# Exercise:
Leaving the pictures aside, repeat each line below exactly.

# The data:
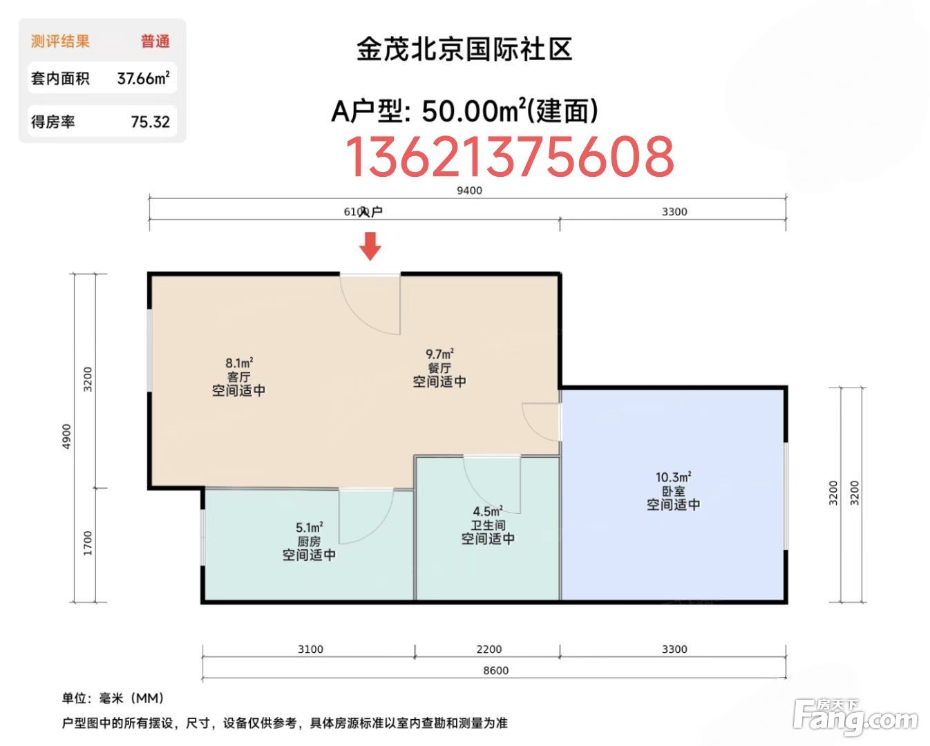 *获取完整户型报告,同时会有免费语音讲解服务
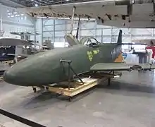 After the war, airframes 3, 4, and 5 (and possibly other partial airframes) were brought to the U.S. for study. Today, two examples survive in the National Air and Space Museum: The first is a Kikka that was taken to the Patuxent River Naval Air Base, Maryland for analysis. This aircraft is very incomplete and is believed to have been patched together from a variety of semi-completed airframes. It is currently still in storage at the Paul E. Garber Preservation, Restoration and Storage Facility in Silver Hill, Maryland. The second Kikka is on display at the NASM Udvar-Hazy Center in the Mary Baker Engen Restoration Hangar. Correspondence in 2001 with Japanese propulsion specialist Kazuhiko Ishizawa theorized that Nakajima constructed the Museum’s Kikka airframe for load testing, not for flight tests. This may explain why the engine nacelles previously fitted on the Museum’s Kikka airframe are too small to enclose the Ne-20 engines.[1] However, Ishizawa later stated that a limited survey at the Paul E. Garber facility concluded that this Kikka may not be a strength-tester due to the presence of wiring, hydraulics and controls.[6] Furthermore, Susumu Watanabe, who was in charge of engine outfitting for the Kikka, recalled that the engine nacelles of the strength tester were the same as the standard aircraft, and that the strength tester was stressed until failure.[7] Based on this information, the mock nacelles were potentially added for display purposes after transit to the United States.
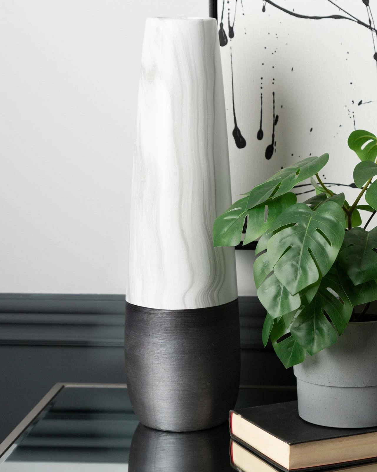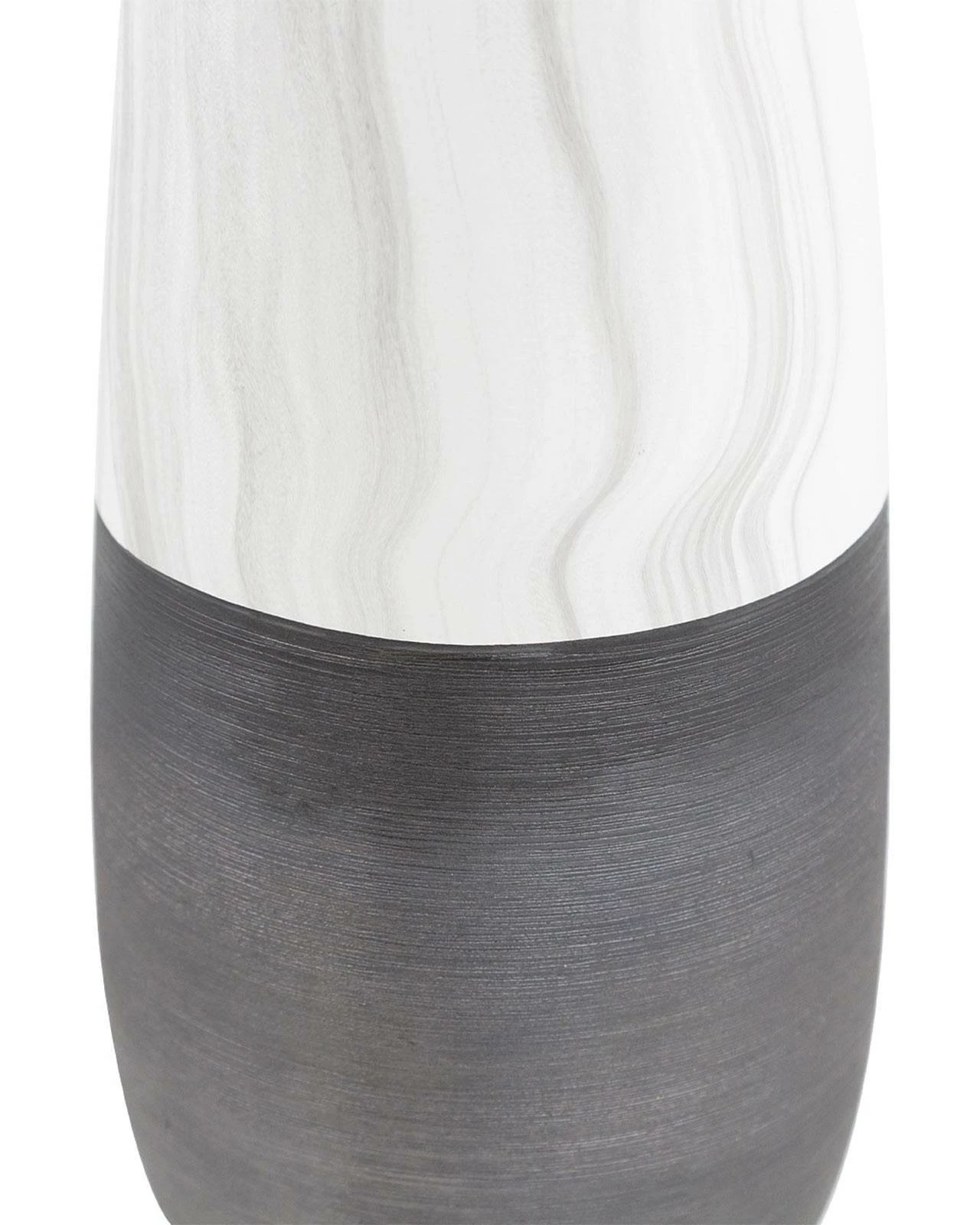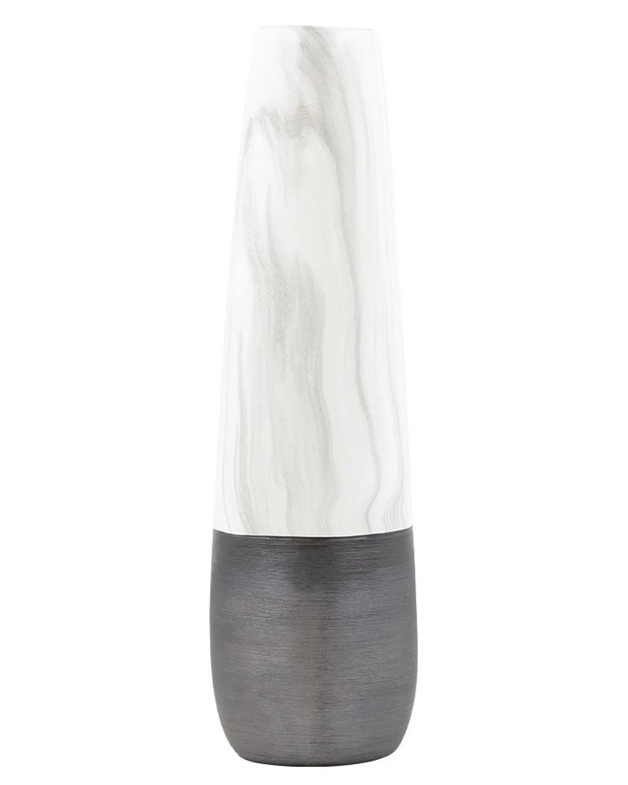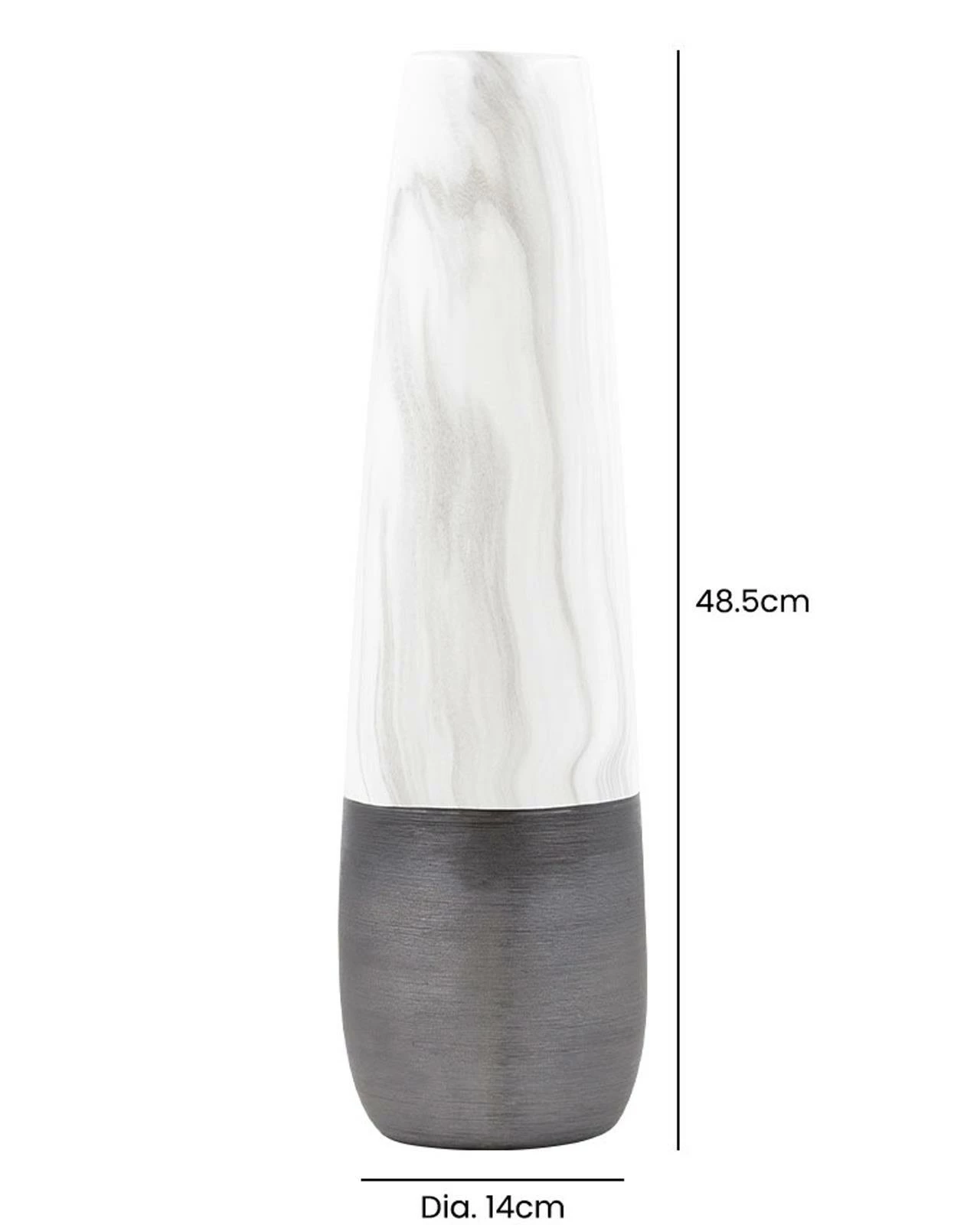 This Gaia vase is a versatile and stylish piece that will add a touch of sophistication to any interior decor. Measuring 48cm tall, it boasts a textured black base that is complemented by a timeless marble effect, creating a bold and elegant look. Whether displayed on a sideboard, end table or shelf, it is sure to make a statement. Its unique design and versatile colour combination make it a perfect choice for adding a touch of sophistication and elegance to any interior decor.
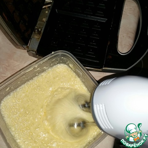 Пока я замешивала тесто, моя электровафельница успела нагреться. В форму выкладываем 2 столовые ложки теста и закрываем крышку на 3-5 минут. В зависимости от температуры.
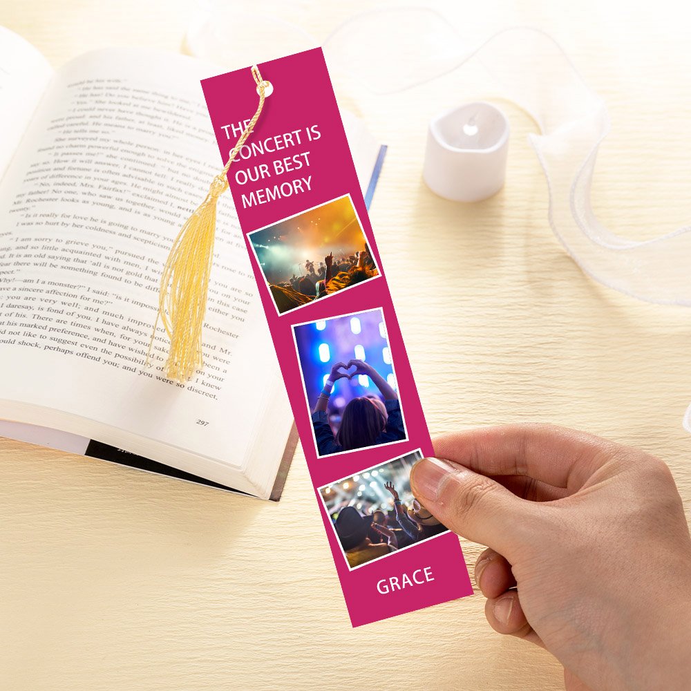 Este marcapáginas presenta un diseño multicolor único que puede personalizarse con tres fotos, un nombre y un mensaje significativo. Esta personalización permite que el marcapáginas refleje la vida de una persona y cree un recuerdo duradero que capture sus recuerdos más preciados. Está diseñado para conservar recuerdos alegres y entrañables para todos.
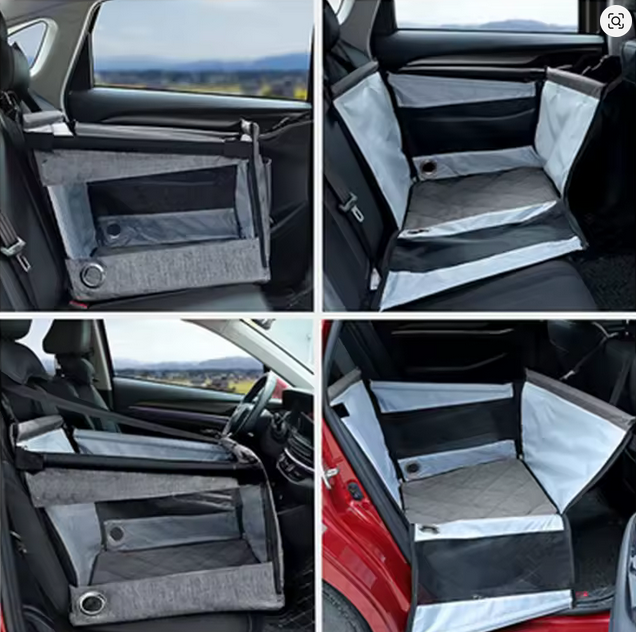 A secure and waterproof pet carrier seat with breathable mesh sides, keeping your puppy safe, comfortable, and protected during every car ride or outdoor trip.
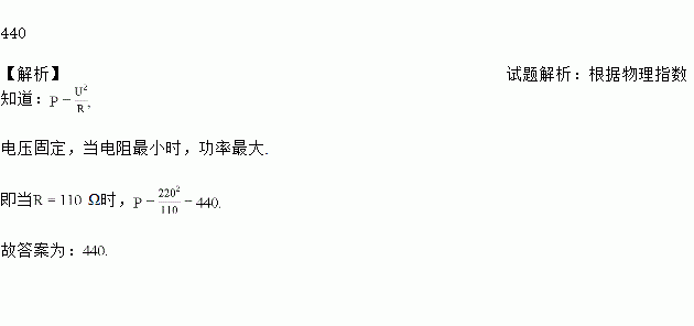 一个用电器的电阻是可调节的,其范围为110~220Ω,已知电压为220V,那么这个用电器功率最大为
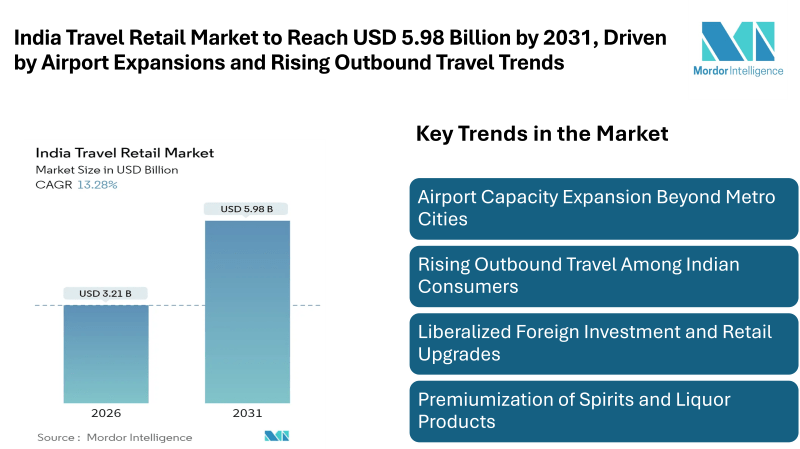 According to Mordor Intelligence, the India travel retail market was valued at USD 2.83 billion in 2025 and estimated to grow from USD 3.21 billion in 2026 to reach USD 5.98 billion by 2031, at a CAGR of 13.28%. Several factors are contributing to this expansion, including upgrades to airport infrastructure, increasing disposable income among the middle class, liberalized foreign investment regulations, and rising outbound travel by Indian consumers.
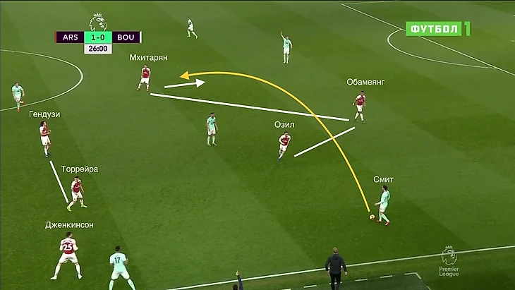 Смит выполняет перевод на противоположный фланг, но не точно. Мхитарян перехватывает передачу. "Арсенал" забьет второй гол.
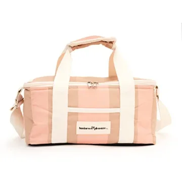 Show more Introducing the **Business & Pleasure Co. Holiday Cooler Bag**, your ultimate companion for sunny outings and al fresco dining! Designed with functionality and style in mind, this versatile cooler bag is ideal for all outdoor adventures, whether you are heading to the beach, enjoying a picnic in the park, or embarking on a road trip. With a **generous capacity of 13 liters**, it's spacious enough to accommodate all your essentials—from up to **12 cans or 2 wine bottles** to snacks and sandwiches—ensuring that you stay refreshed in the heat. The cooler’s striking **70s Sand and Pink** color scheme is not only eye-catching but also a statement of style amidst the sun-drenched landscapes.
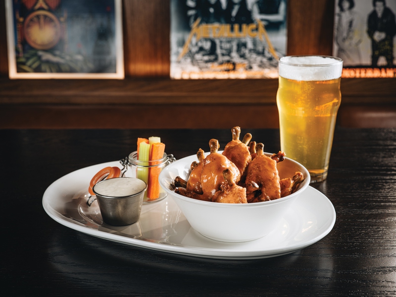 A mouthwatering warm artichoke dip had me hoarding chips through to dessert, but your server is certain to be clearing away empty plates from the miso cod lettuce cups, pigs in a blanket, served with pub cheese and a wholegrain mustard, and three shrimp tacos with roasted garlic and avocado. The eye-catching lollipop buffalo wings come with the classic combination of celery, carrots and ranch.
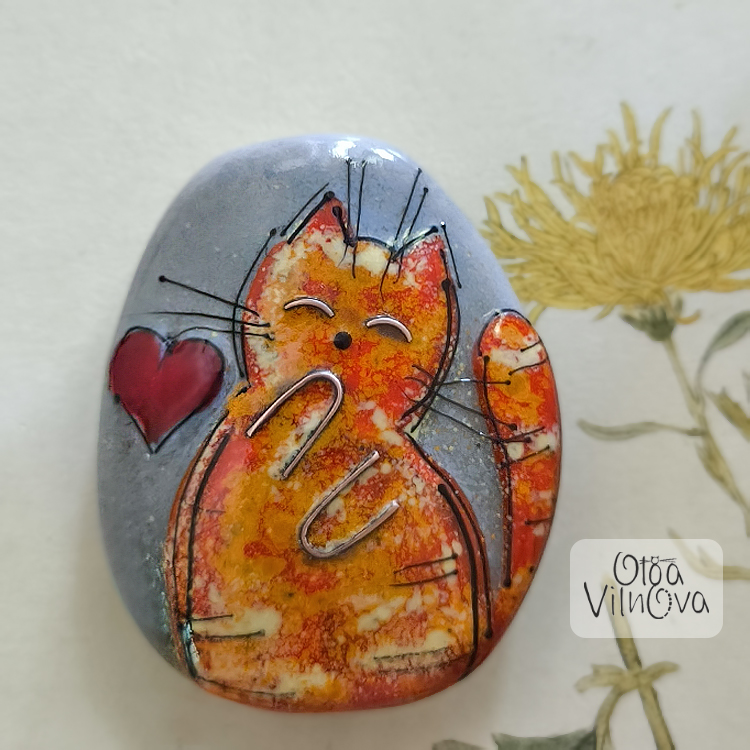 This little fellow is part of my “Hopelessly in Love” kitty series. Lampwork glass bead, made in the flame, where every line is drawn with glass and tiny copper lines made in my signature technique give her additional charm.
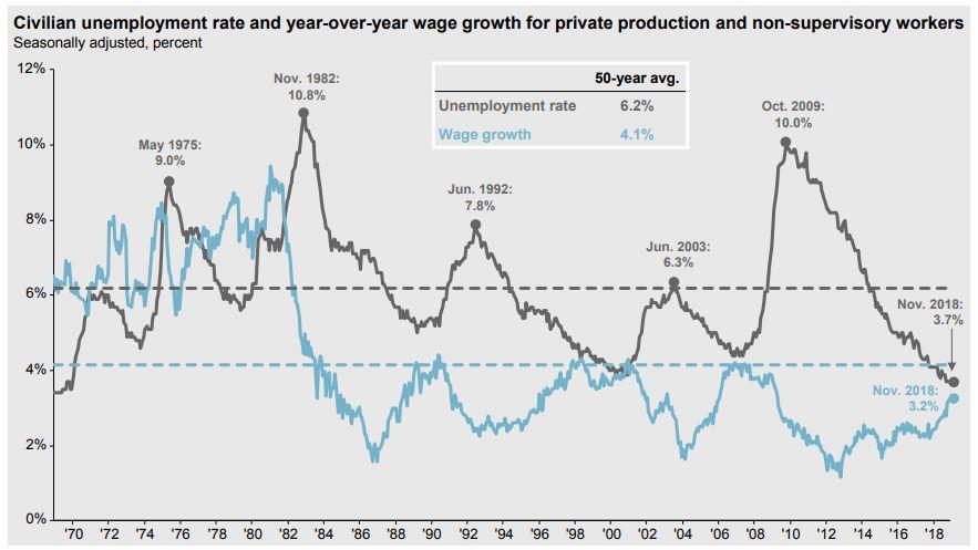 We are halfhearted in our optimism for 2019 market growth. The good news is that we have very low unemployment coupled with increasing wage growth, as seen below. Also notable from the graph, is that over the last thirty years convergence lasts for a year or two before a recession occurs and there is a corresponding spike in unemployment and slowdown in wage growth.

# Finished task:
 *获取完整户型报告,同时会有免费语音讲解服务
 After the war, airframes 3, 4, and 5 (and possibly other partial airframes) were brought to the U.S. for study. Today, two examples survive in the National Air and Space Museum: The first is a Kikka that was taken to the Patuxent River Naval Air Base, Maryland for analysis. This aircraft is very incomplete and is believed to have been patched together from a variety of semi-completed airframes. It is currently still in storage at the Paul E. Garber Preservation, Restoration and Storage Facility in Silver Hill, Maryland. The second Kikka is on display at the NASM Udvar-Hazy Center in the Mary Baker Engen Restoration Hangar. Correspondence in 2001 with Japanese propulsion specialist Kazuhiko Ishizawa theorized that Nakajima constructed the Museum’s Kikka airframe for load testing, not for flight tests. This may explain why the engine nacelles previously fitted on the Museum’s Kikka airframe are too small to enclose the Ne-20 engines.[1] However, Ishizawa later stated that a limited survey at the Paul E. Garber facility concluded that this Kikka may not be a strength-tester due to the presence of wiring, hydraulics and controls.[6] Furthermore, Susumu Watanabe, who was in charge of engine outfitting for the Kikka, recalled that the engine nacelles of the strength tester were the same as the standard aircraft, and that the strength tester was stressed until failure.[7] Based on this information, the mock nacelles were potentially added for display purposes after transit to the United States.
 This Gaia vase is a versatile and stylish piece that will add a touch of sophistication to any interior decor. Measuring 48cm tall, it boasts a textured black base that is complemented by a timeless marble effect, creating a bold and elegant look. Whether displayed on a sideboard, end table or shelf, it is sure to make a statement. Its unique design and versatile colour combination make it a perfect choice for adding a touch of sophistication and elegance to any interior decor.
 Пока я замешивала тесто, моя электровафельница успела нагреться. В форму выкладываем 2 столовые ложки теста и закрываем крышку на 3-5 минут. В зависимости от температуры.
 Este marcapáginas presenta un diseño multicolor único que puede personalizarse con tres fotos, un nombre y un mensaje significativo. Esta personalización permite que el marcapáginas refleje la vida de una persona y cree un recuerdo duradero que capture sus recuerdos más preciados. Está diseñado para conservar recuerdos alegres y entrañables para todos.
 A secure and waterproof pet carrier seat with breathable mesh sides, keeping your puppy safe, comfortable, and protected during every car ride or outdoor trip.
 一个用电器的电阻是可调节的,其范围为110~220Ω,已知电压为220V,那么这个用电器功率最大为
 According to Mordor Intelligence, the India travel retail market was valued at USD 2.83 billion in 2025 and estimated to grow from USD 3.21 billion in 2026 to reach USD 5.98 billion by 2031, at a CAGR of 13.28%. Several factors are contributing to this expansion, including upgrades to airport infrastructure, increasing disposable income among the middle class, liberalized foreign investment regulations, and rising outbound travel by Indian consumers.
 Смит выполняет перевод на противоположный фланг, но не точно. Мхитарян перехватывает передачу. "Арсенал" забьет второй гол.
 Show more Introducing the **Business & Pleasure Co. Holiday Cooler Bag**, your ultimate companion for sunny outings and al fresco dining! Designed with functionality and style in mind, this versatile cooler bag is ideal for all outdoor adventures, whether you are heading to the beach, enjoying a picnic in the park, or embarking on a road trip. With a **generous capacity of 13 liters**, it's spacious enough to accommodate all your essentials—from up to **12 cans or 2 wine bottles** to snacks and sandwiches—ensuring that you stay refreshed in the heat. The cooler’s striking **70s Sand and Pink** color scheme is not only eye-catching but also a statement of style amidst the sun-drenched landscapes.
 A mouthwatering warm artichoke dip had me hoarding chips through to dessert, but your server is certain to be clearing away empty plates from the miso cod lettuce cups, pigs in a blanket, served with pub cheese and a wholegrain mustard, and three shrimp tacos with roasted garlic and avocado. The eye-catching lollipop buffalo wings come with the classic combination of celery, carrots and ranch.
 This little fellow is part of my “Hopelessly in Love” kitty series. Lampwork glass bead, made in the flame, where every line is drawn with glass and tiny copper lines made in my signature technique give her additional charm.
 We are halfhearted in our optimism for 2019 market growth. The good news is that we have very low unemployment coupled with increasing wage growth, as seen below. Also notable from the graph, is that over the last thirty years convergence lasts for a year or two before a recession occurs and there is a corresponding spike in unemployment and slowdown in wage growth.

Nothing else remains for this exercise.